Clean energy giant SunEdison Inc. is filing for bankruptcy protection as financial and legal problems mount for the Missouri company.
SunEdison (NYSE:SUNE) said Thursday
it filed voluntary petitions for reorganization under Chapter 11 of the
U.S. Bankruptcy Code in an effort to restructure its balance sheet and
ensure a future for the troubled solar and wind developer.
SunEdison has seen its share price plunge by 99 percent since last summer as its aggressive growth strategy raised concerns
about the firm’s ability to pay its large debt obligations. The
developer is also under scrutiny by U.S. Securities and Exchange
Commission regulators over concerns about the company’s accounting
practices.
SunEdison’s publicly traded spinoffs, TerraForm Power
(NASDAQ:TERP) and TerraForm Global (NASDAQ:GLBL) are not part of the
filing, the company said.
“Our decision to initiate a court-supervised restructuring
was a difficult but important step to address our immediate liquidity
issues,” Ahmad Chatila, SunEdison’s CEO, said in a statement Thursday.
SunEdison owes creditors nearly $10 billion after a flurry
of recent acquisitions left it with too little cash, regulatory filings
show.
The company and its subsidiary TerraForm Power acquired First Wind
LLC for $2.4 billion in May, positioning SunEdison as the world’s
largest developer of solar and wind power. It struck 17 other deals last
year and another nine deals in 2014, snapping up solar-panel installers
and battery startups and expanding its footprint into Honduras and the
Philippines, market researcher FactSet said.

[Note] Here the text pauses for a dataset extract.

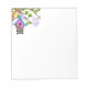 Keep hat positive reminder near by when you use this incredible Whimsical Checkerboard Birdhouse Notepad. Whimsical Checkerboard Birdhouse is a charming and colorful illustration created by Debi Payne Designs. This illustriert Feature a whimsical birdhouse of purple and teal accented with multiple doodle flowers sitting above a black and white checkerboard border base. The birdhouse is hanging in a tree with multiple green leaves by a delicate bow tie purple ribbon. Perched, wir haben tree limb and flying in the air are two little Tweedie birds. Accenting the illustration is the hand-lettering posisaying that reads, "Friends are the sunshine of life". The illustration and text are all over a sky-blue watercolor wash background.
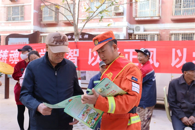 在活动现场,指战员通过防火常识讲解、装备展示、观看防火宣传视频、灭火器操作使用等多种形式,宣传森林防火有关常识和法律法规。同时,成立宣传小分队,积极开展“上门式”、“面对面”的消防安全教育,向居民发放森林防火宣传单耐心地讲解森林防火的要点、法律法规和注意事项。同时还嘱咐大家一定要在日常生活中注意防火,积极配合森林防火工作,确保人民生命财产安全和生活安全,有效提高了消防宣传覆盖范围。

But several of its acquisition deals have recently
unraveled, sparking legal battles. SunEdison in July announced a deal to
buy residential solar company Vivint Solar for about $2.2 billion in
cash, stock and notes. But the deal was delayed and renegotiated down to
$1.9 billion. Then Vivint canceled the merger agreement in March and
filed a lawsuit after SunEdison missed deadlines to close the
transactions.
Other scuttled deals include the $700 million purchase of
Latin American Power, the $600 million purchase of India-based Continuum
Wind Energy and a $300 million deal to buy Globeleq Mesoamerica Energy
SA.
As deals crumbled and cash evaporated, SunEdison delayed
filing its annual 2015 financial report in February and again in March.
The company blamed the lapse on an internal investigation into its
financial position and “material weaknesses” in its financial report
related to problems with a new IT system. Former executives have alleged
that SunEdison misrepresented its liquidity position, although no
wrongdoing has been found.
By Thursday’s Chapter 11 filing in Manhattan bankruptcy court, the shares were trading at about 34 cents.